His touch on her face brought it all back. The memories and the emotions and the promises. She had never been scared of Oliver, but all of a sudden she was, and she didn't want to be scared again.

"Stop," she whispered, "dangling maybes."

Oliver's breath fanned warm across her cheeks, and she closed her eyes — because she didn't trust herself to choose. She wanted to kiss Oliver again, but she wanted it to be at the right time and for the right reason. Because they'd decided to be together and face whatever consequences came after, because he could be both Oliver Queen and The Arrow. Because it wasn't a plaintive goodbye, but a beautiful beginning.

She wanted nothing and everything, and she closed her eyes because she didn't trust herself to choose. Because she couldn't bear to.

Maybe her thoughts showed on her face, because the kiss never came. Oliver's clothes shifted, as if he was moving, as if he was kneeling too. She felt the gentle pressure of his hands guiding her face, somehow moving it closer, if it was even possible.

And he kissed her softly on the forehead.

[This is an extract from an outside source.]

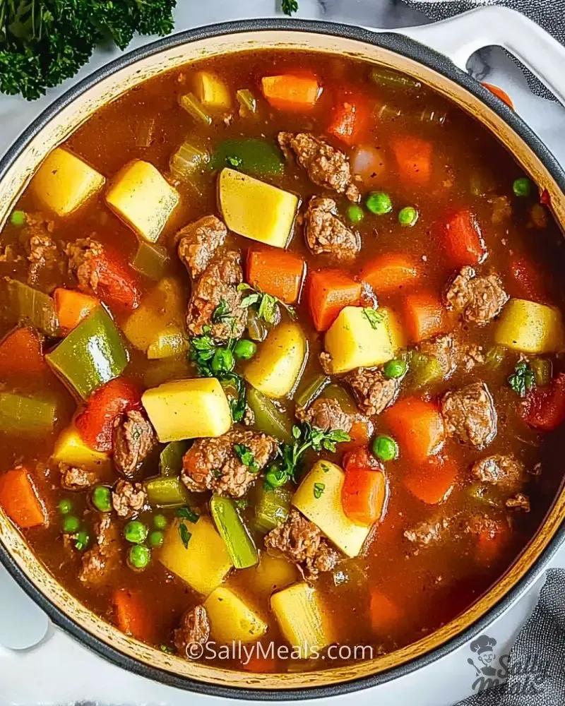 A hearty and comforting soup packed with tender beef, vibrant vegetables, and a rich, flavorful broth. This one-pot meal is easy to make and perfect for meal prep or a cozy dinner.

She opened her eyes and blinked at him in surprise. He was smiling like it was a goodbye, and in a way, she supposed that it was. His hand on the back of her neck, he pulled her close so their foreheads touched and they were looking down at the void between them, the snow beneath their knees.

"Now I don't owe you a goodbye," he said, softly.

Felicity's mouth twitched. "Just a homecoming."

Oliver's forehead brushed hers as he nodded. "I'll come back."

"Promise me," she said, even though in her heart of hearts she knew that she didn't need to say it, because Oliver would do his best to fight for himself, for her, and that was enough. As long as he was fighting, it was enough.


Since I can't really write the forehead kiss into the narrative pre-Oliver-abduction, decided to throw it in here. Cheers.